Your MSK clusters always run within an Amazon VPC managed by the MSK service. Your MSK resources are made available to your own VPC, subnet, and security group through elastic network interfaces (ENIs) which will appear in your account, as described in the following architectural diagram:

Customers can create a cluster in minutes, use AWS Identity and Access Management (IAM) to control cluster actions, authorize clients using TLS private certificate authorities fully managed by AWS Certificate Manager (ACM), encrypt data in-transit using TLS, and encrypt data at rest using AWS Key Management Service (KMS) encryption keys.

Amazon MSK continuously monitors server health and automatically replaces servers when they fail, automates server patching, and operates highly available ZooKeeper nodes as a part of the service at no additional cost. Key Kafka performance metrics are published in the console and in Amazon CloudWatch. Amazon MSK is fully compatible with Kafka versions 1.1.1 and 2.1.0, so that you can continue to run your applications, use Kafka’s admin tools, and and use Kafka compatible tools and frameworks without having to change your code.

Based on our customer feedback during the open preview, Amazon MSK added may features such as:

  • Encryption in-transit via TLS between clients and brokers, and between brokers
  • Mutual TLS authentication using ACM private certificate authorities
  • Support for Kafka version 2.1.0
  • 99.9% availability SLA
  • HIPAA eligible
  • Cluster-wide storage scale up
  • Integration with AWS CloudTrail for MSK API logging
  • Cluster tagging and tag-based IAM policy application
  • Defining custom, cluster-wide configurations for topics and brokers

AWS CloudFormation support is coming in the next few weeks.

Creating a cluster

Let’s create a cluster using the AWS management console. I give the cluster a name, select the VPC I want to use the cluster from, and the Kafka version.
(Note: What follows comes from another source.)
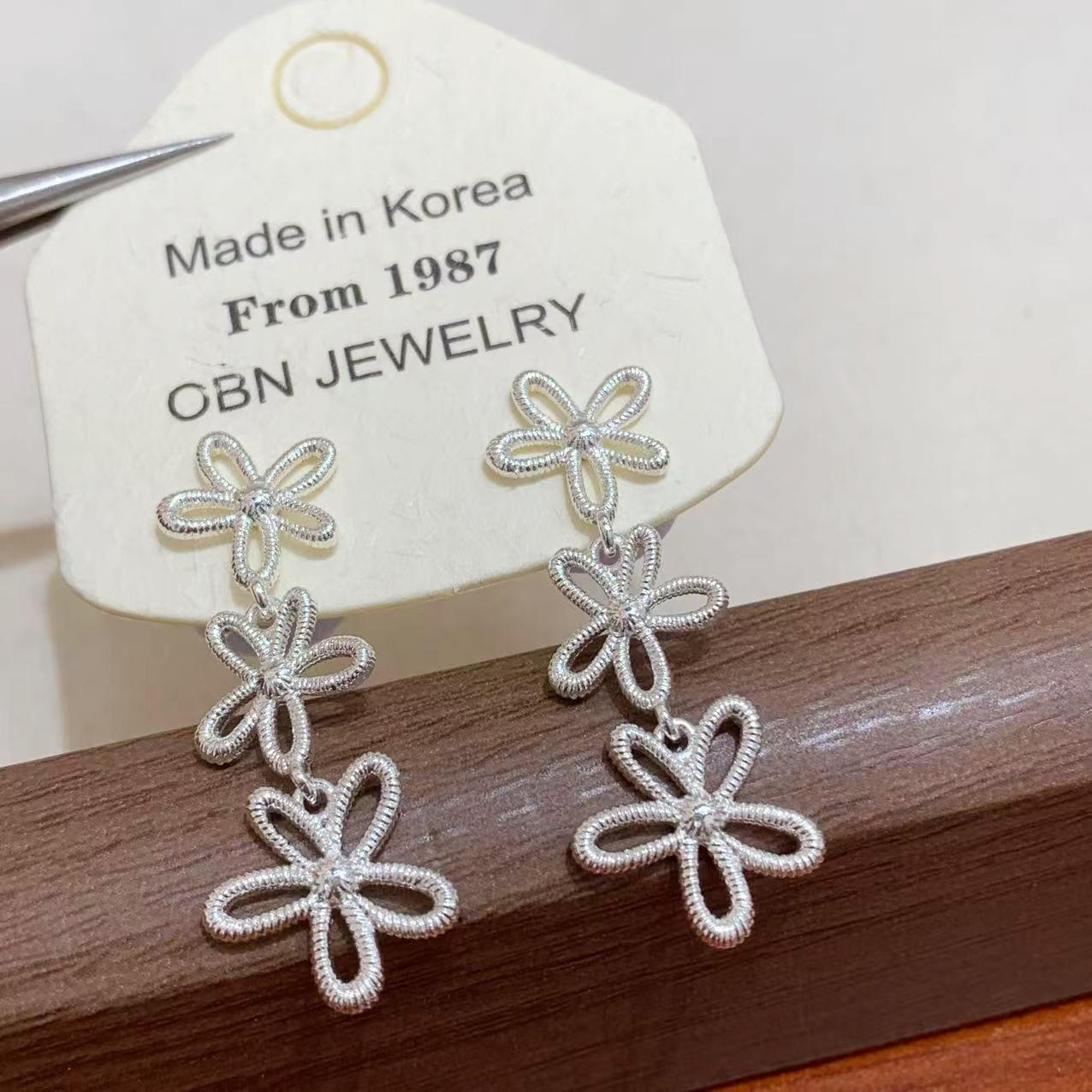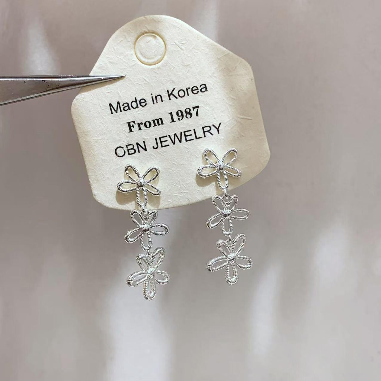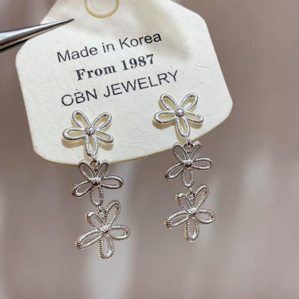 Aretes de Flores Huecas Múltiples para Mujer Aretes Simples de Alta Gama con Aguja de Plata Personalidad Nicho Temperamento Versátil Moda Europea y Americana

I then choose the Availability Zones (AZs) and the corresponding subnets to use in the VPC. In the next step, I select how many Kafka brokers to deploy in each AZ. More brokers allow you to scale the throughtput of a cluster by allocating partitions to different brokers.

I can add tags to search and filter my resources, apply IAM policies to the Amazon MSK API, and track my costs. For storage, I leave the default storage volume size per broker.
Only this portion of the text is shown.